I learned weighted averages with a hypernetwork. Training the router was a linear projection enabling the 1NN classifier to route to any expert. In an LLM, the input to experts would still be original embeddings rather than modified ones.
Fine tuning became: learn a new router, plus new weights for the weighted average. This enables fundamentally different outputs per input. An expert trained primarily on one data distribution might vote on something superficially unrelated but subtly similar, improving next token prediction.
I like the idea of fine tuning with a small weight set for averages plus a somewhat small weight set for the router. In an RL setting, I’d train the router and the weighted averages.
Conclusion
I never set out to build a Mixture of Experts system. I was just trying to make a little ball jump through spinning circles without the phone exploding.
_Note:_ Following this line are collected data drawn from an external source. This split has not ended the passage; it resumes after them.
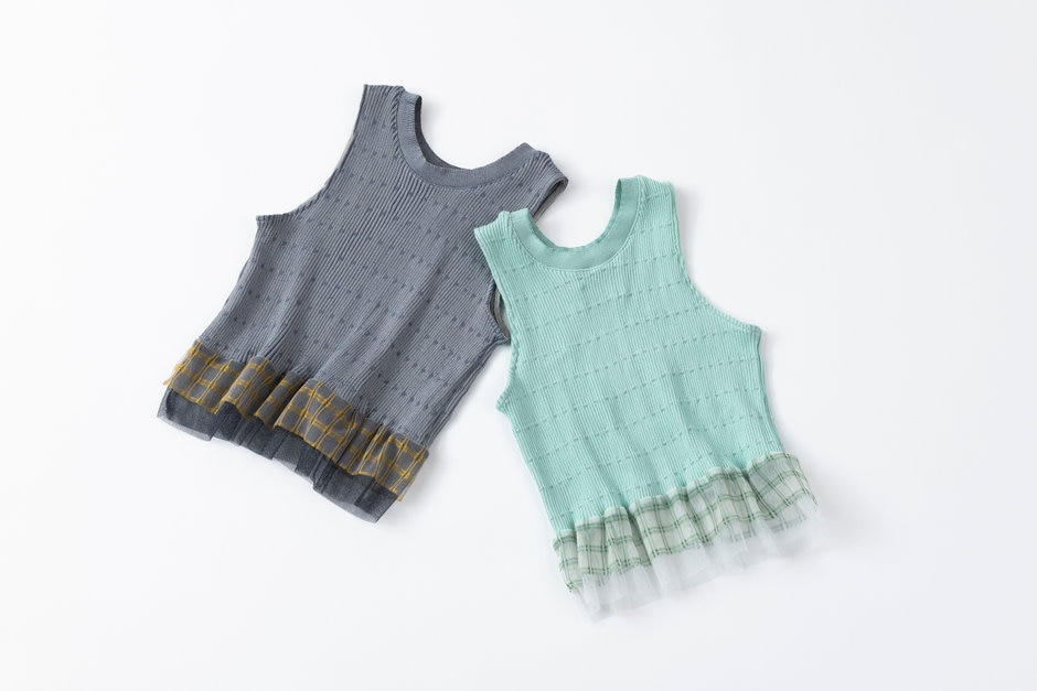 裾にはラメとチェックの2種類のチュール素材を重ね、繊細で柔らかい印象に仕上げました。夏らしい爽やかな配色もポイント♪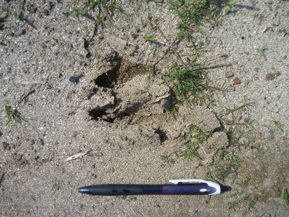 糞の量を参考にして見分けることがで きる。 歩幅は、成獣で 80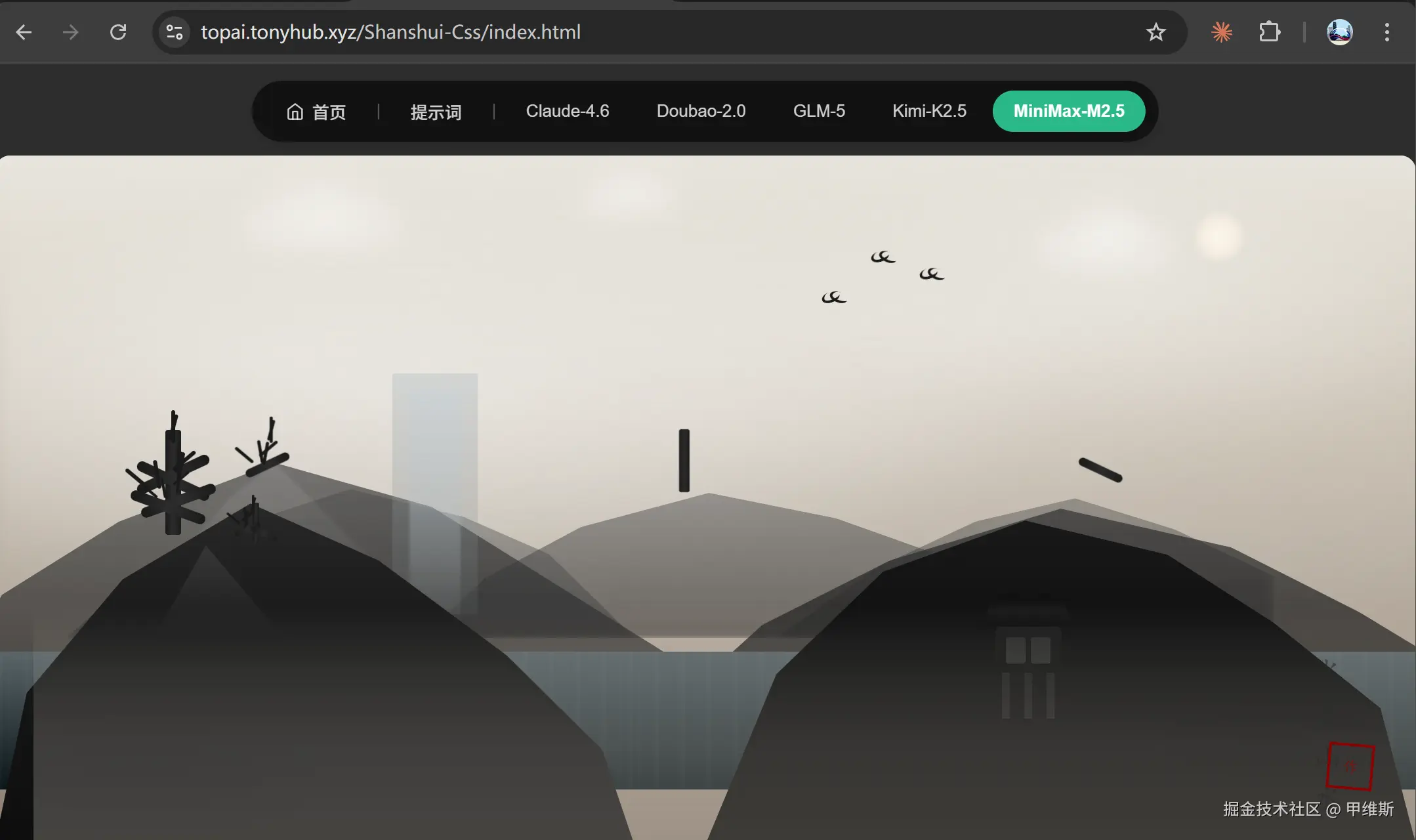 MiniMax 的话,表现不是太稳定,时而还可以,时而会出现一些错误。指令遵循没有特别到位,审美啥的还不存在的。可能是我测试的这些例子他们还没有做针对性的优化训练,所以表现并不是太好。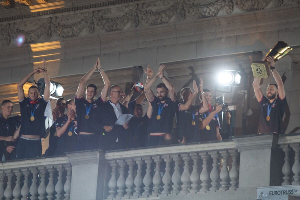 Evropski šampioni su u ponedeljak uveče izašli na čuveni balkon Skupštine grada, gde ih je pozdravilo desetak hiljada navijača.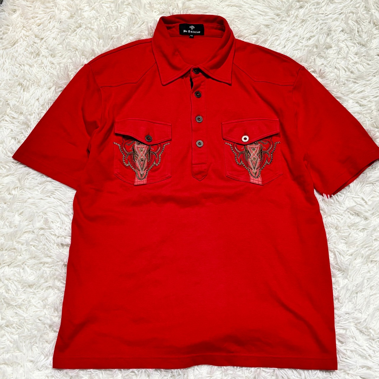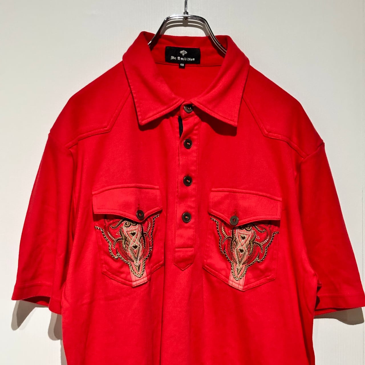 商品名: レトロポロシャツ 民族刺繍 ライダース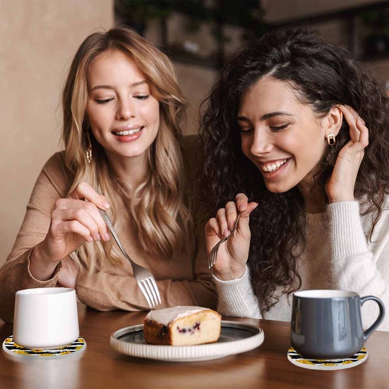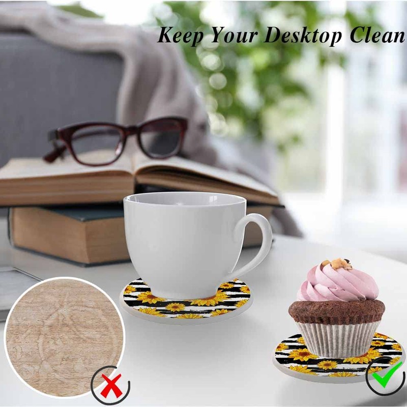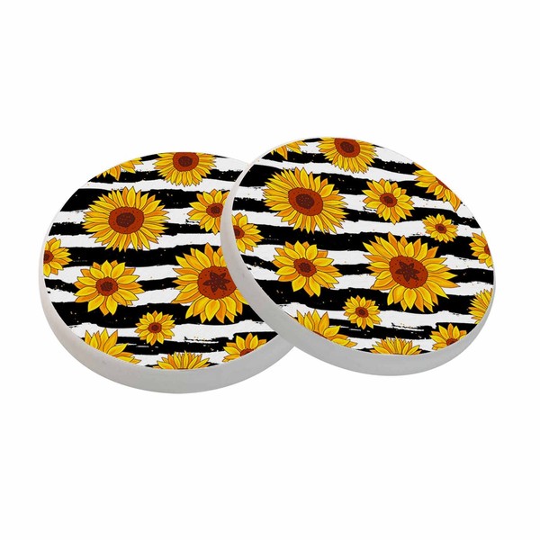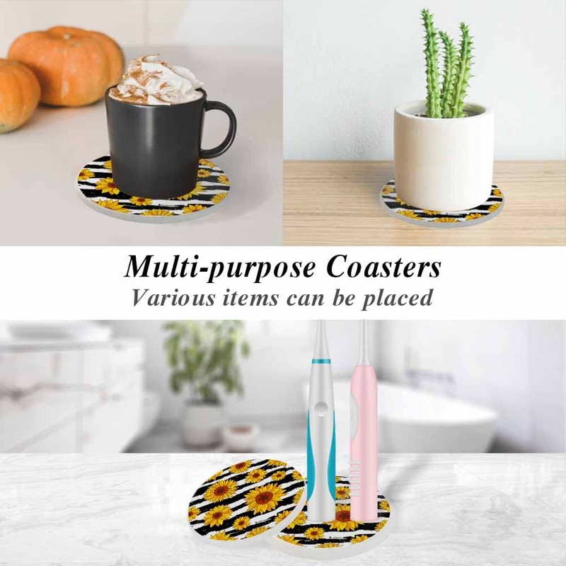 oFloral Sunflower Coasters for Drinks Wavy Stripe Vibrant Summer Fall Cups Place Mats for Home Decor Set of 2, 4 Inch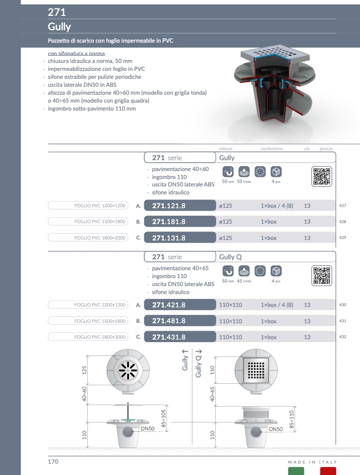 · altezza di pavimentazione 40÷60 mm (modello con griglia tonda)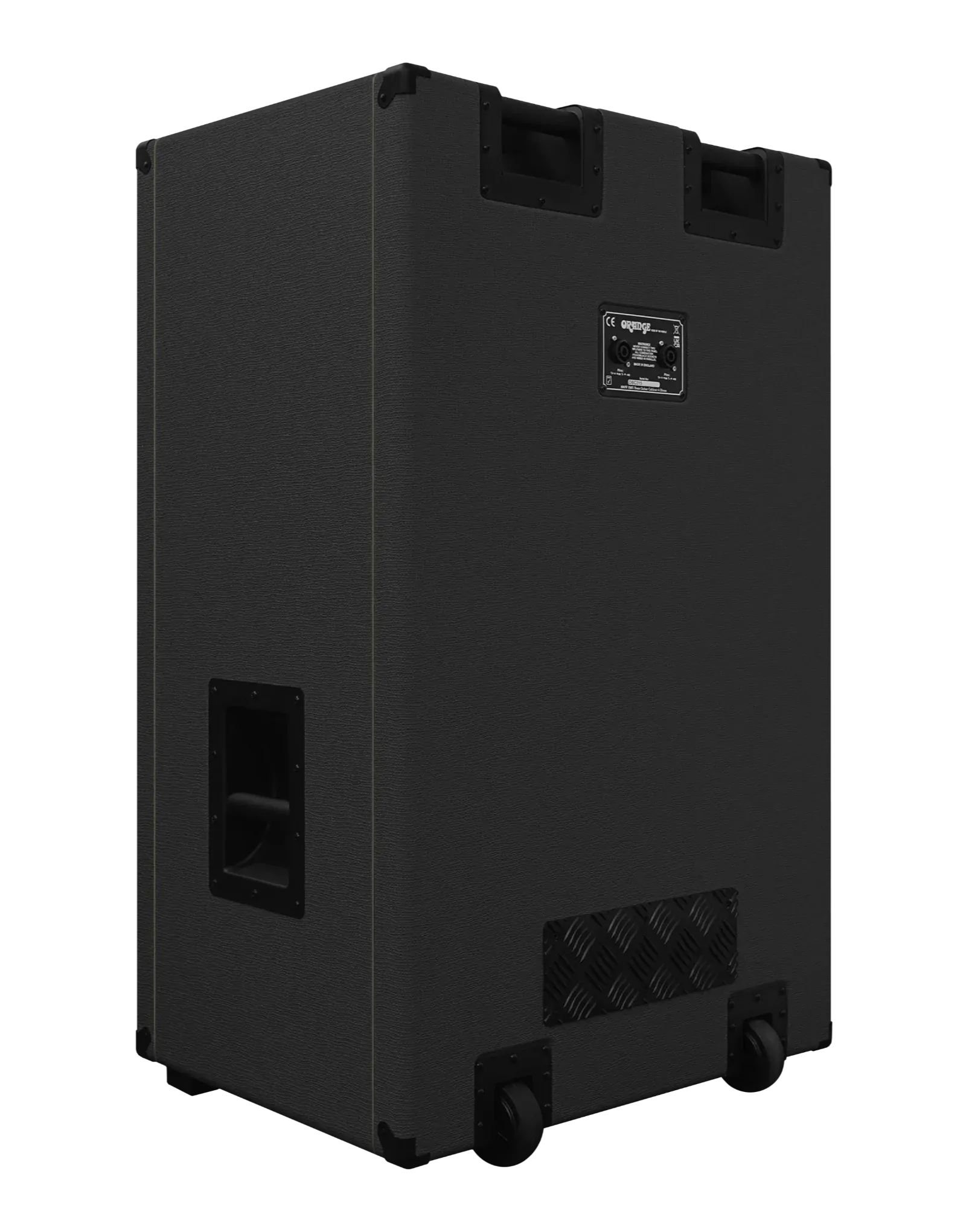 The Orange OBC215C 2x15" Bass Amp Speaker Cabinet Black delivers the authority of dual 15-inch speakers in a single, integrated enclosure. Loaded with two Celestion Pulse XL 15.17 drivers and rated at 800 watts at 4 ohms, the cabinet moves significant air while maintaining tight, controlled response. The dual acoustically isolated chambers, each with its own front port, prevent the speakers from interacting in a way that muddies the low end. That design produces a deeper, warmer bass voice with broad stage spread, allowing notes to feel full and supportive at gig volume rather than simply louder.

But by repeatedly applying the same principle (decompose the problem space, then conquer each piece separately) whether through spatial hashes, clustering, or ensembling, I accidentally walked the exact same path that the most powerful language models in 2026 are now using at scale.
Sometimes the best discoveries aren’t planned. They’re just the natural consequence of refusing to accept “impossible” as an answer.